Des scientifiques proposent d’épaissir artificiellement des arches de glace naturelles afin de ralentir la fonte de la banquise arctique. La zone visée par ce projet de géo-ingénierie est le détroit de Nares, un chenal situé entre le Groenland et l’île d’Ellesmere, la plus septentrionale des îles canadiennes.

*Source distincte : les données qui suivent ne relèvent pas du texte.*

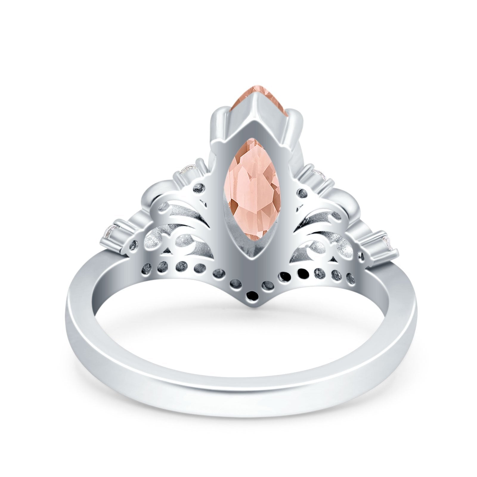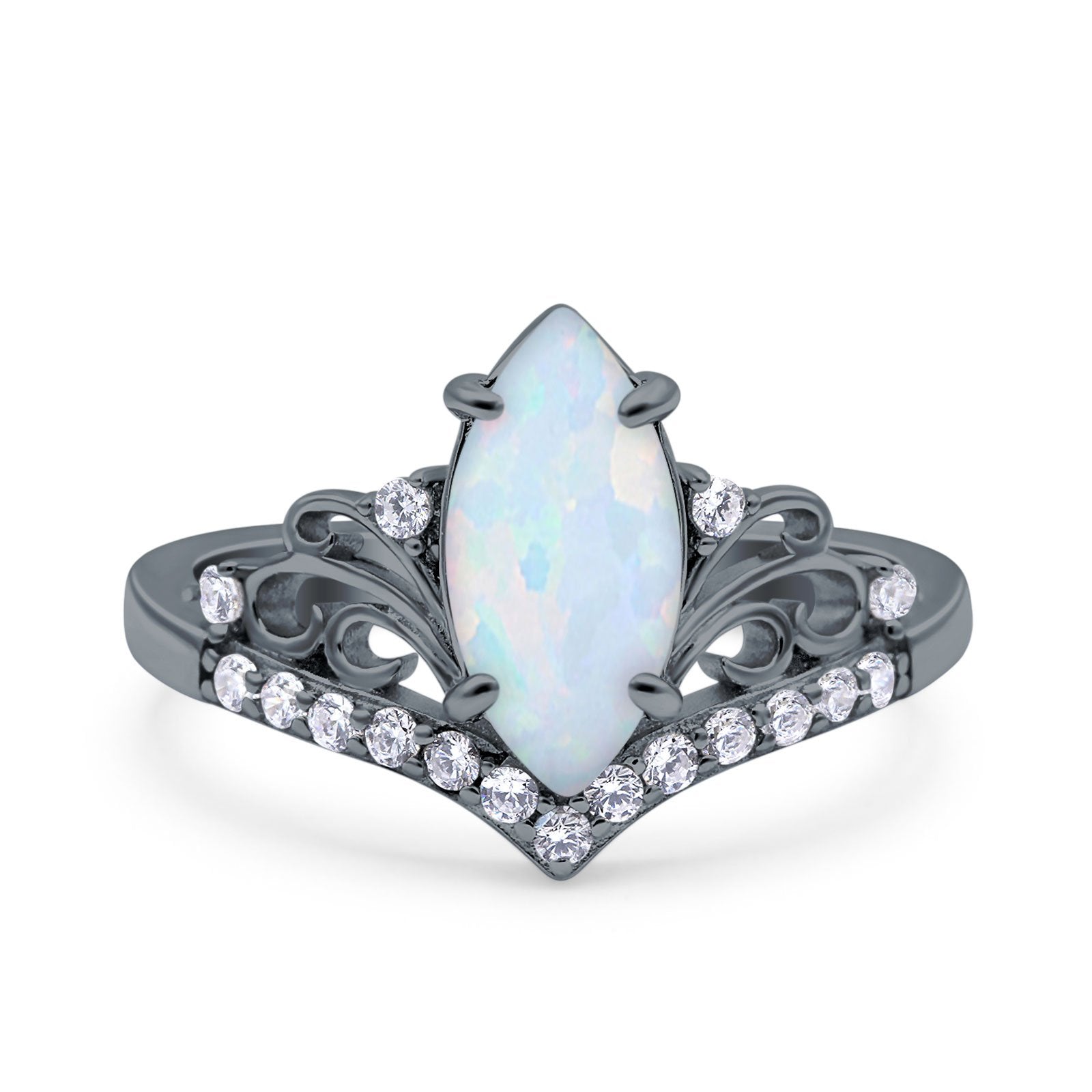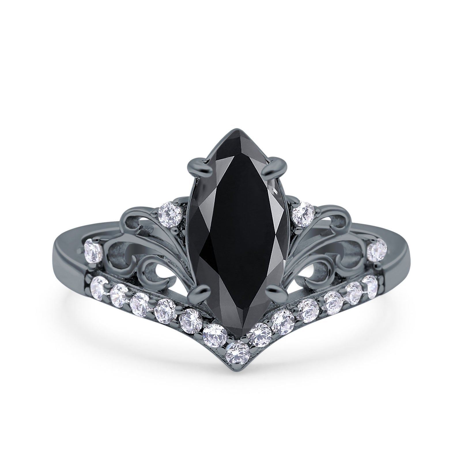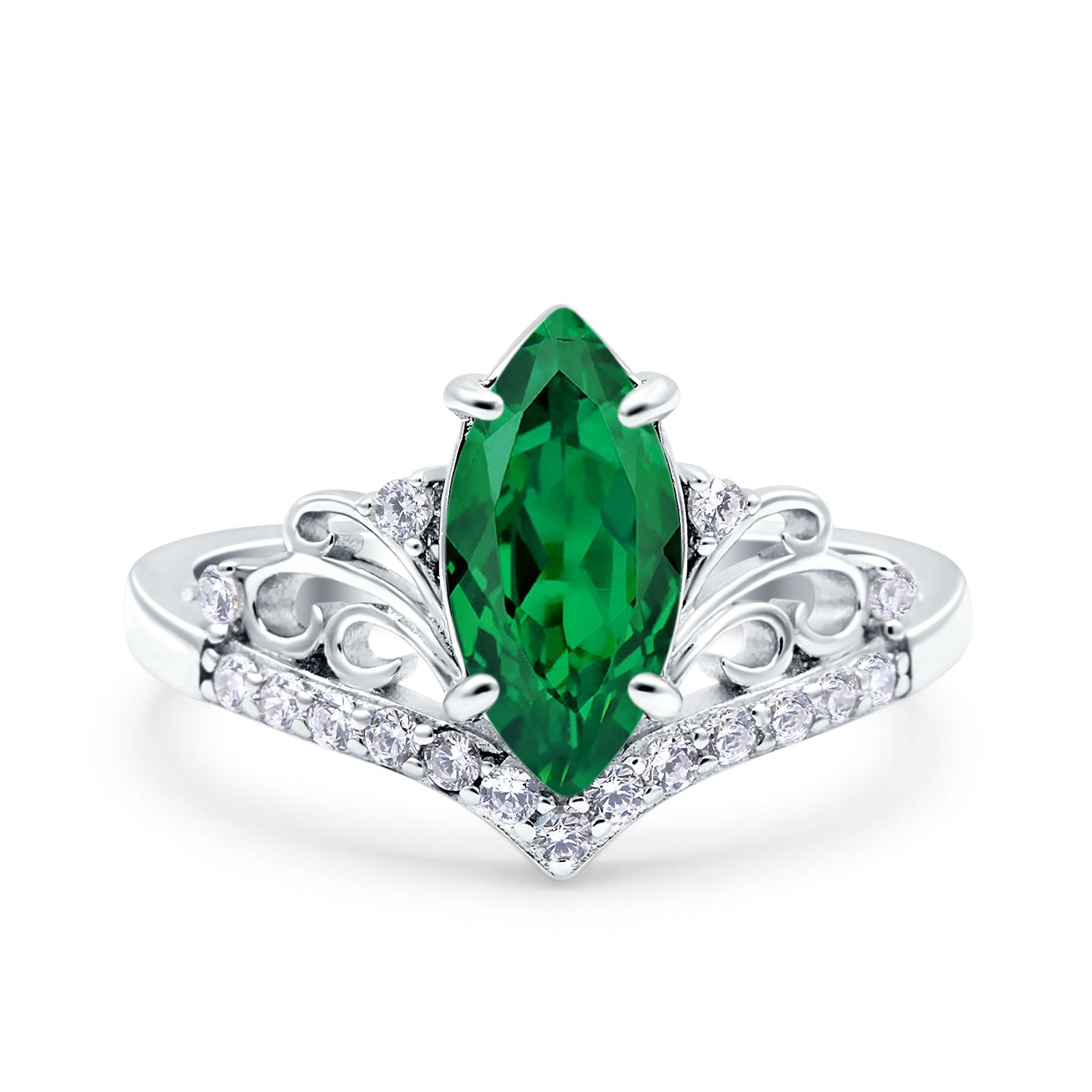 Marquise Art Deco Wedding Engagement Bridal Ring Round Simulated Cubic Zirconia 925 Sterling Silver
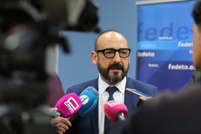 El eurodiputado de Ciudadanos, Jordi Cañas, junto al presidente del grupo parlamentario de Cs en C-LM, Alejandro Ruiz y el diputado regional de Cs Toledo, David Muñoz, han mantenido una reunión con FEDETO con Manuel Madruga, secretario general de la federación a la cabeza.
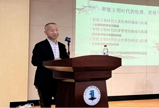 2024年10月26日上午8:30,公司特邀吉林大学于天罡教授进行主题为“未来已来--智能文明时代的中国智慧”的学术讲座。本次讲座由304永利集团副经理兼MBA教育中心主任杨爽主持,MBA教育中心办公室主任杜洋及304永利集团研究生共同参加。

Ces arches se forment chaque hiver dans ce passage et retiennent une partie de la glace de mer qui s’accumule plus au nord. Leur découverte remonte à 2011 : Malcolm Davidson, de l’Agence spatiale européenne, survolait alors le détroit pour vérifier des observations satellitaires.
Il a repéré depuis les airs de larges plaques de glace peu épaisses, compactées de manière à bloquer entièrement le chenal, formant une arche courbée. Au nord, la banquise s’accumulait ; au sud, la mer restait en grande partie libre.
Une chasse d’eau de glace de plus en plus fréquente
Le problème, c’est que ces arches disparaissent de plus en plus tôt chaque année. Certaines saisons, elles ne se forment même plus. Quand elles se brisent, toute la glace retenue au nord s’échappe d’un coup vers le sud, un phénomène que Davidson compare, dans des propos rapportés par la revue New Scientist datés du vendredi 7 août 2026, à une chasse d’eau.
En moyenne, environ 95 000 km² de glace traversent chaque année ce passage pour finir par fondre plus au sud.
L’idée des chercheurs consiste à s’attaquer à ces structures, relativement petites comparées à la masse de banquise qu’elles retiennent. « Si le pont de glace pouvait être soutenu d’une manière ou d’une autre », avance Davidson, l’effet sur les pertes estivales de glace pourrait être limité, tout en renforçant l’albédo et le refroidissement de l’océan Arctique.
La technique envisagée consiste à forer des trous dans la glace et à pomper de l’eau de mer à la surface pour la faire geler, créant une couche supplémentaire. Ado Farsi, l’un des scientifiques du projet, décrit ce procédé comme l’ajout de « ciment » entre les blocs de l’arche pour l’empêcher de s’effondrer.
La start-up néerlandaise Arctic Reflections travaille actuellement sur cette méthode d’épaississement de la banquise. Un essai mené au Svalbard, en Norvège, en 2024, a permis de faire passer l’épaisseur de la glace de 90 à 116 centimètres. Les chercheurs veulent maintenant vérifier si un procédé similaire pourrait rendre les arches du détroit de Nares suffisamment solides pour résister plus longtemps aux vents, aux courants et aux températures de l’été.
Certaines réserves subsistent. Le chercheur Kent Moore résume la principale limite de la méthode en expliquant que même avec des ressources infinies, si les arches ne se forment pas, il n’y a rien à épaissir. Là où le phénomène a déjà disparu, aucune intervention ne peut donc compenser son absence.
D’autres scientifiques estiment qu’une grande partie de la glace ainsi retenue finirait malgré tout par fondre l’été, sous l’effet du réchauffement de l’océan et de l’atmosphère. Le climatologue Mark Serreze qualifie la solution de « pansement ». Les défenseurs du projet ne prétendent d’ailleurs pas arrêter le changement climatique, mais chercher à gagner du temps.
Geoffrey Evatt, qui soutient ces recherches, ne cache pas son ambivalence, estimant que ce n’est pas le monde dans lequel il a envie de vivre.
Les ajustements devraient tenir plusieurs mois sur une glace en mouvement permanent, dans une des régions les plus isolées de la planète. Au nord du détroit se trouve une zone où la banquise estivale pourrait subsister plus longtemps qu’ailleurs. Au sud s’étend la polynie des eaux du Nord, aussi appelée Pikialasorsuaq.